What more could a girl want on a fall evening? Here (in a photo Pippin sent) Ivy has Fred the new kitten, Black Beauty which she is continuing from where we left off together last week, a soft blanket and the flannel nightgown I made for her last year about this time. Oh, and a black stuffie horse is peeking out from under her book. I wonder if he is reading along silently, or being read to. I find the scene pretty inspiring!
How old I am getting:
Ah, the clouds, the birds!
This verse that succinctly expresses my own feelings of the season, I found on the blog First Known When Lost, a place where I am always confident of finding beauty and serenity. In the post I link to, “Awake,” the blogger offers a well chosen smattering of haiku by Matsuo Bashō, including a good representation of autumn poetry, and commentary by by R. H. Blyth. Read the whole post to learn how Bashō can wake us up.
“First, I took a running leap,
and then, half buried in the heap
that we’d raked up, I lingered, caught
in a cocoon of leaves and thought.”
That is the first stanza of a new poem by Jean L. Kreiling, which I just read on the website of the Plough Publishing Company.
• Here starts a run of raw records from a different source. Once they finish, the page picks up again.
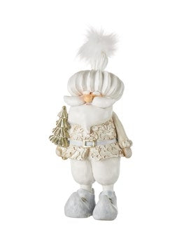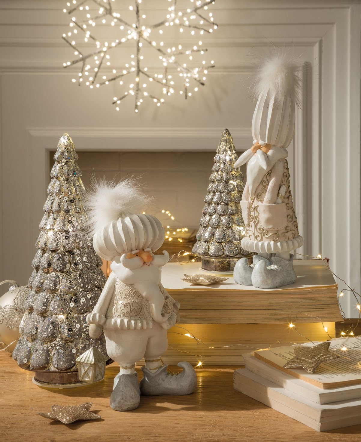Gnomo Oca Nera "I Sultani" in resina sui toni eleganti del bianco/argento con alberello di Natale e berretto con pon-pon
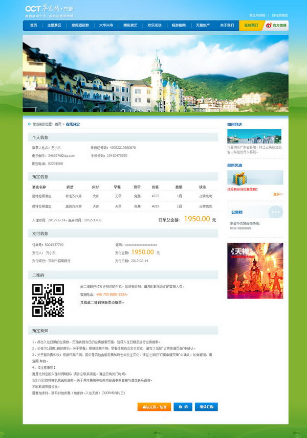 选择支付方式后,系统显示订单完整信息,提醒用户对订单进行最后确认并完成结算,该页面还附有订单二维码,用户须凭该二维码到景区取票处取票,至此,用户完成东部华侨城酒店预订整个过程
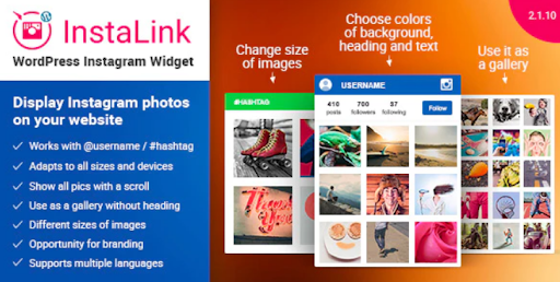 Plugin lain yang bagus untuk digunakan sebagai dinding Instagram untuk situs WordPress adalah InstaLink. Sebenarnya, dengan menggunakan yang satu ini, Anda dapat memilih untuk menampilkan feed dengan cara yang lebih disesuaikan dengan mengubah warna, tata letak, dll. Jadi, mendapatkan manfaat dari plugin ini dan menggunakan plugin WordPress terbaik untuk membuat halaman arahan modern, Anda dapat meroket keterlibatan di situs web Anda dan Instagram secara bersamaan,
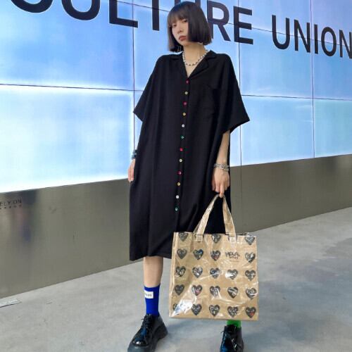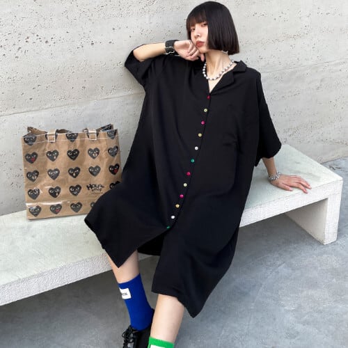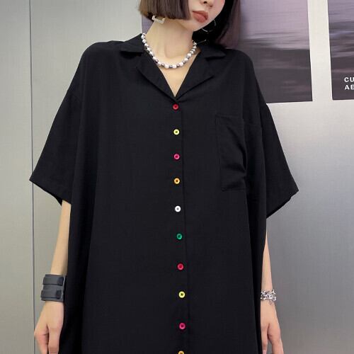 ワンピース 開襟 半袖 ミドル丈 シャツワンピ ボタン ブラック 夏 20代 30代 40代 くすみカラー 大きいサイズ RB-R3-22-SA06-0012

The title is “After Helping my Father Rake the Leaves,” and it is rich with images of the season, “hot colors from a chilling world,” and memories of the poet’s father, who “turned his face into the wind” — a metaphor for his inspiring life and attitude.
You can read the whole loving poem on the Plough site.
Friend Bella and I took a hike early in the morning, into the hills nearby. The slopes all around have gone from the winter green stage on through the golden months, and are now dull brown. But they are not unpleasant to look at from a distance, and in addition to the ubiquitous oaks, bay trees make dark green splotches here and there.
At close range one sees the hard and bare dirt, the tufts of grass withered to shreds, and minimalist lichens on the rocks looking healthy and pretty. Those autumnal scenes are bleak, compared to the real deserts I recently visited. We took our tonic from the fresh air, and I took a picture of the new-to-me and alien Purple Star Thistle, whose flowers beautify the neighborhood, while its thorns warn, “Stay away!” Honestly, I am minded to stay away from this particular park until the rains come and once again water the earth to green.